Boom in Fake Vaccine and Test Certificates on Darknet and Telegram Threatens UK and EU Covid Passport Schemes
May 2021 by Check Point
Check Point® Software Technologies Ltd. is warning that the UK and EU’s Covid passport schemes could unravel if measures are not taken to combat the threat of fake vaccination and counterfeit test certificates that are increasingly being sold on the Darknet and via the messaging app Telegram.
The EU agreement, which comes into law on 7th June, and which launches on 1st July, will provide a free certificate in the form of a QR code on a smartphone or as a paper document, which will show that a person is either vaccinated, has some immunity from having had the virus or has had a recent negative PCR test result. UK travelers who have had both vaccine doses will be able to use the NHS App as a vaccine passport and are expected to be covered under the EU scheme as a third country.
There are also other countries looking to launch their own Covid passports, such as the Czech Republic, France and Germany. Without a global unified approach to verifying the validity of certificates, the fragmented rules and ambiguity play into the hands of hackers and fraudsters, according to Check Point Research (CPR).
CPR also discovered a 500% increase in the number of forged certificate vendors from March to May, showing that the demand to evade inspections is high as we head into the summer holiday season. Customers could be either people who have tested positive, refused to take a test or are unwilling to have the vaccine. It could also be down to the exploitation of innocent users looking for information and guidance, who are lured to fraudulent or suspicious domains, thinking they are genuine.
Travelers need to be wary of misspelled websites and only install verified apps from official sources. They should also be wary of QR codes themselves, as they can serve as a gateway to information stored on the device. Hackers replace legitimate QR codes with one that launches a malicious URL or tries to download customized malware when scanned. The malicious code can then steal the login credentials used for other apps on the user’s phone – such as banking and retail apps – and even make payments.
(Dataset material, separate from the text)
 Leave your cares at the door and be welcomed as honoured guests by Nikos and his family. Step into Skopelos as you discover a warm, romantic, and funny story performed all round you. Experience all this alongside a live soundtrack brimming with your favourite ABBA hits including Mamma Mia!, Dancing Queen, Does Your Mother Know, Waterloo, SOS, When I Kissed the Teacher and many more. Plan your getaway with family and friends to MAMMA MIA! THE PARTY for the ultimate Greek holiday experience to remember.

"We urge governments to come together and act quickly to combat the increased sales of fake certificates on Telegram and the Darknet. Without a central system, it becomes much easier for hackers and fraudsters to fall through the cracks,” said Oded Vanunu, Head of Products Vulnerability Research at Check Point Software. “Individuals must also remember that a QR code is nothing more than a quick and convenient way to access a website link; a link that in many cases they don’t even see. It’s not possible, therefore, to be certain that the resource is legitimate, and an attack could have already started. The EU says that its planned vaccination passports will be safe and secure, but hackers will always evolve to exploit new opportunities, and so we strongly advise everyone to use a mobile security solution that will protect their devices and data against phishing, malicious apps and malware.”